Distributional models of lexical knowledge

This page contains resources created in the Project FK-125217.

Lexical resources

Hungarian verbal argument frame lexicon and other lexical resources described in: Attila Novák; László Laki; Borbála Novák; Andrea Dömötör; Noémi Ligeti-Nagy; Ágnes Kalivoda: Creation of a corpus with semantic role labels for Hungarian.

SZDT-UD2

A manually corrected version of the Szeged Dependency Treebank automatically converted to Universal Dependencies format. See Novák Attila; Novák Borbála: Egy nagyobb magyar UD korpusz felé.

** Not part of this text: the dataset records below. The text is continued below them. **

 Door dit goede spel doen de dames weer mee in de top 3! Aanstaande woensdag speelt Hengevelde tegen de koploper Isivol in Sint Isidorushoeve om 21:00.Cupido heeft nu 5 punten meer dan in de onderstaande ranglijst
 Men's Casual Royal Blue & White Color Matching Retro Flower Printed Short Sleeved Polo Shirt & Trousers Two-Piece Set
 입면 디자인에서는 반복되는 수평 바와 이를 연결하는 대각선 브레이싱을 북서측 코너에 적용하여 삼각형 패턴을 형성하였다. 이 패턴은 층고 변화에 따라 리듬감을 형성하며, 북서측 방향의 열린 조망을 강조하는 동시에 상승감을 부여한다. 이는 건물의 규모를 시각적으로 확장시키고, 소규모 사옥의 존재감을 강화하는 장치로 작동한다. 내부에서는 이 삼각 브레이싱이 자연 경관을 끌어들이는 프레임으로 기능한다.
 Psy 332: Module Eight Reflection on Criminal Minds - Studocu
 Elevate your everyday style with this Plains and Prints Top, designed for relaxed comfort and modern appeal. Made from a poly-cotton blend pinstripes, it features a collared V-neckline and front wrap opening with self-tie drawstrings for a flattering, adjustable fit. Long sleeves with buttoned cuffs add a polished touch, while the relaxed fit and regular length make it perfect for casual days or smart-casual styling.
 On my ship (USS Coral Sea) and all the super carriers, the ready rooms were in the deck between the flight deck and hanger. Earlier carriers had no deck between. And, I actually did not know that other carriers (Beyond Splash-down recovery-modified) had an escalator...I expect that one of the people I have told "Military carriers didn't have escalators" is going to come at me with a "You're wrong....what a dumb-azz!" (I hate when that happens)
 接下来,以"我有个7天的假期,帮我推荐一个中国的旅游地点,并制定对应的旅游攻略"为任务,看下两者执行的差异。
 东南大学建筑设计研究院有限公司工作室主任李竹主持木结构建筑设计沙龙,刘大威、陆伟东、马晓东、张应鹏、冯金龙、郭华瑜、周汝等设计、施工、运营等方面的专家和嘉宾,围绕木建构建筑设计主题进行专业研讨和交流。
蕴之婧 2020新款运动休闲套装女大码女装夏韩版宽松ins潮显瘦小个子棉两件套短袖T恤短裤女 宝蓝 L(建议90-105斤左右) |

MILQA Hungarian question-answer benchmark database

MILQA is a Hungarian machine reading comprehension, specifically, question answering (QA) benchmark database. It was built following the principles of SQuAD 2.0 with a number of innavations like Boolean and arithmetic questions, long and list answers added. See Attila Novák; Borbála Novák; Tamás Zombori; Gergő Szabó; Zsolt Szántó; Richárd Farkas: A Question Answering Benchmark Database for Hungarian.

Modified CBOW Algorithm for Generating Embedding Models from Annotated Corpora

See the GitHub repo https://github.com/ppke-nlpg/fastText_factored-cbow and Attila Novák, László Laki, Borbála Novák: CBOW-tag: a Modified CBOW Algorithm for Generating Embedding Models from Annotated Corpora.

NerKor+Cars-OntoNotes++

NerKor+Cars-OntoNotes++ is a richly annotated Hungarian named entity dataset. It was derived from NYTK-NerKor, a Hungarian gold standard named entity annotated corpus containing about 1 million tokens. It includes a small addition of 12k tokens of text (individual sentences) concerning motor vehicles (cars, buses, motorcycles) from the news archive of hvg.hu.
A model for Hungarian named entity recognition trained on the corpus is available at the HuggingFace hub. See Novák, Attila; Novák, Borbála. (2022) NerKor+Cars-OntoNotes++. In: Proceedings of the 13th Language Resources and Evaluation Conference (LREC 2022). pp. 1907-1916.